Does the definition
$$e\equiv\displaystyle\lim_{n\to0}\left(1+n\right)^{1/n}$$
or the equivalent
$$e\equiv\displaystyle\lim_{n\to\infty}\left(1+\frac{1}{n}\right)^n$$
work if $n$ is complex? (I'm partial to the first one, as the second one would probably require something like $|n|\to\infty$ and I'm always wary around $\infty$ anyway, but either works.)
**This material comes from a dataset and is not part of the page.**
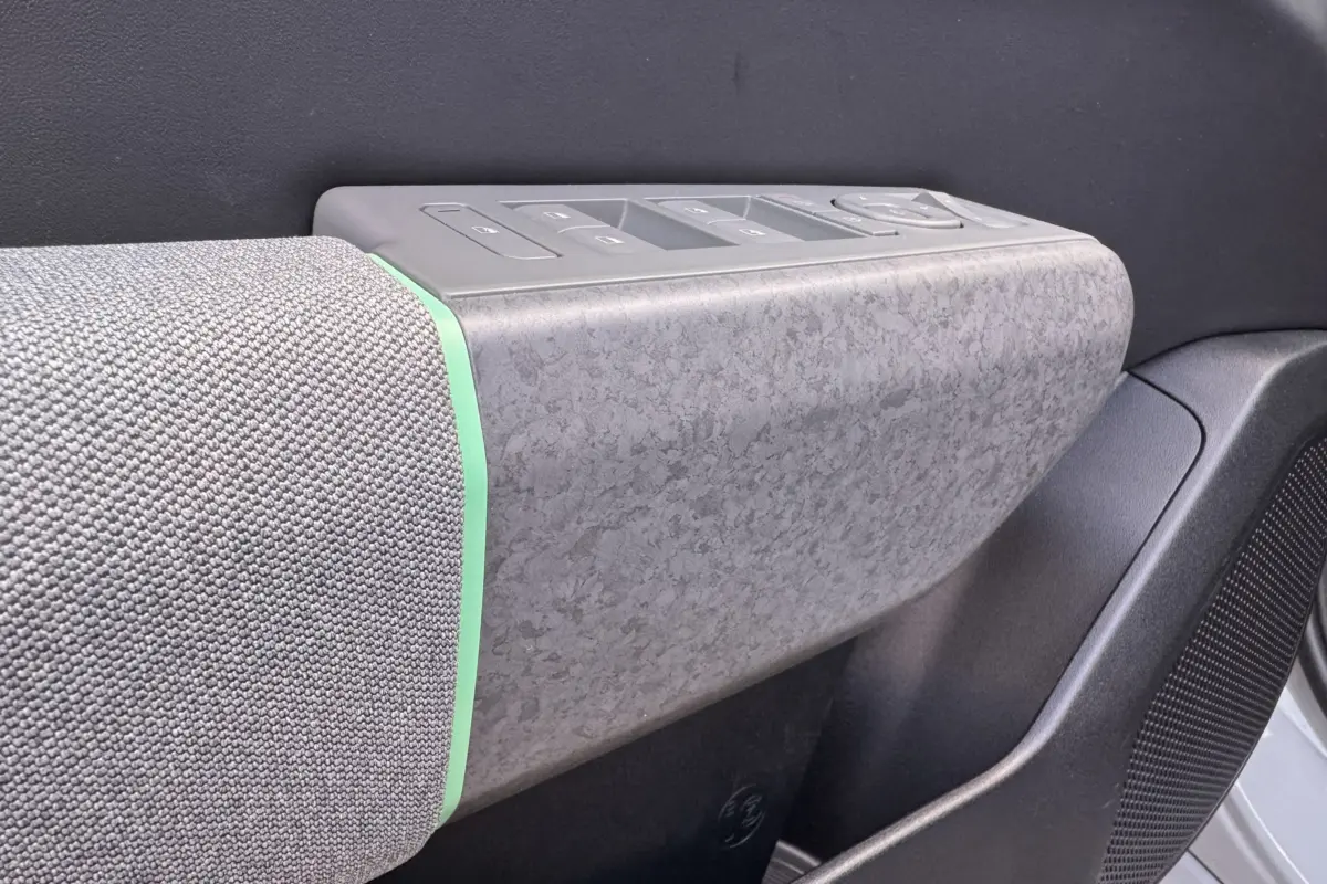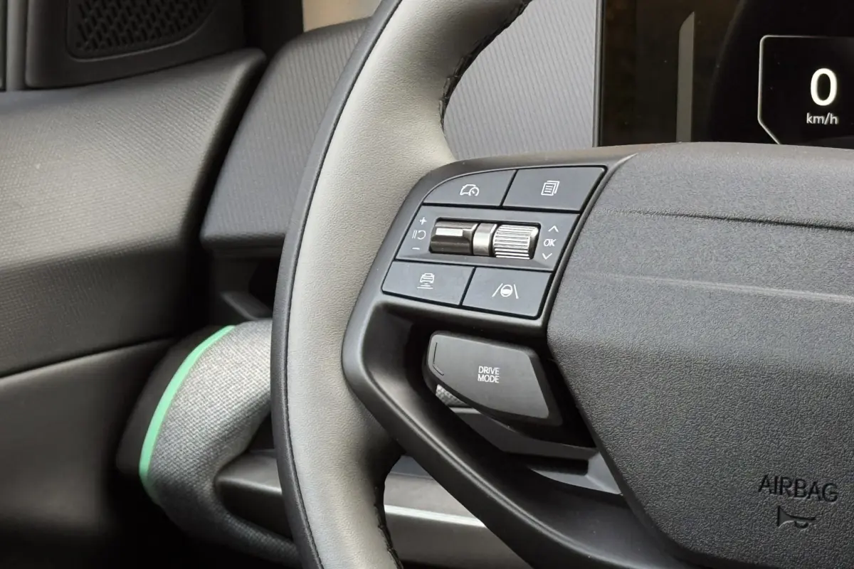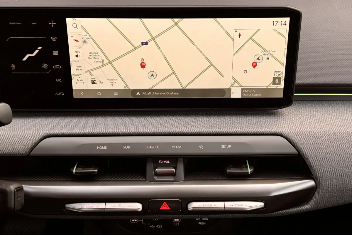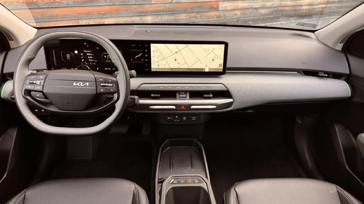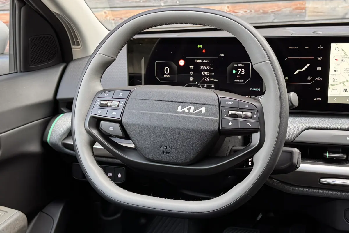 Elöl ugyanez a helyzet, kényelmesek és jól tartanak az ülések, külön dicséretet érdemelnek a fejtámlák, amelyek kialakítása nyugodtan lehetne iparági standard. A műszerfalban nagy meglepetés nincs az EV3 után. Jól átlátható, könnyen értelmezhető és főleg könnyűszerrel kezelhető úgy az érintőképernyő menürendszere, mint a fizikai gombok. A digitális műszeregység képe is éles, jól leolvasható, viszont a HUD kicsit torz, valószínűnek tartom, hogy a szélvédő dőlésszöge a ludas. A tojásdad alakú multikormány fogása is jó, súlyozása megfelelő, gombjain ennek is könnyű kiigazodni.

I've thought about writing $n$ as $|n|e^{i\arg(n)}$ (I'm not trying to define $e$, just trying to use one of the above definitions to equate something to $e$ in my calculations). For brevity, I'll write $a=|n|,b=\arg(n)$. The first definition of $e$ then becomes
\begin{eqnarray} \displaystyle\lim_{n\to0}\left(1+n\right)^{1/n} & = & \displaystyle\lim_{a\to0}\left(1+ae^{ib}\right)^{1/ae^{ib}}\\ & = & \displaystyle\lim_{a\to0}e^{ib/ae^{ib}}\left(\left(1+a\right)^{1/a}\right)^{1/e^{ib}}\\ & = & \displaystyle\lim_{a\to0}e^{ib/ae^{ib}}\displaystyle\lim_{a\to0}\left(\left(1+a\right)^{1/a}\right)^{1/e^{ib}}\\ & = & \infty e^{e^{-ib}}\\ & = & \infty, \end{eqnarray}
but I find it hard to believe that $n$ being complex will turn the limit from $e$ to $\infty$. (I've changed $n\to0$ to $a\to0$ because the only way for $n$ to approach $0$ is for its magnitude to approach $0$; we don't really care about what its phase is doing in this case, right?)
Thanks for any help.
Edit: My maths were wrong because I'm an idiot.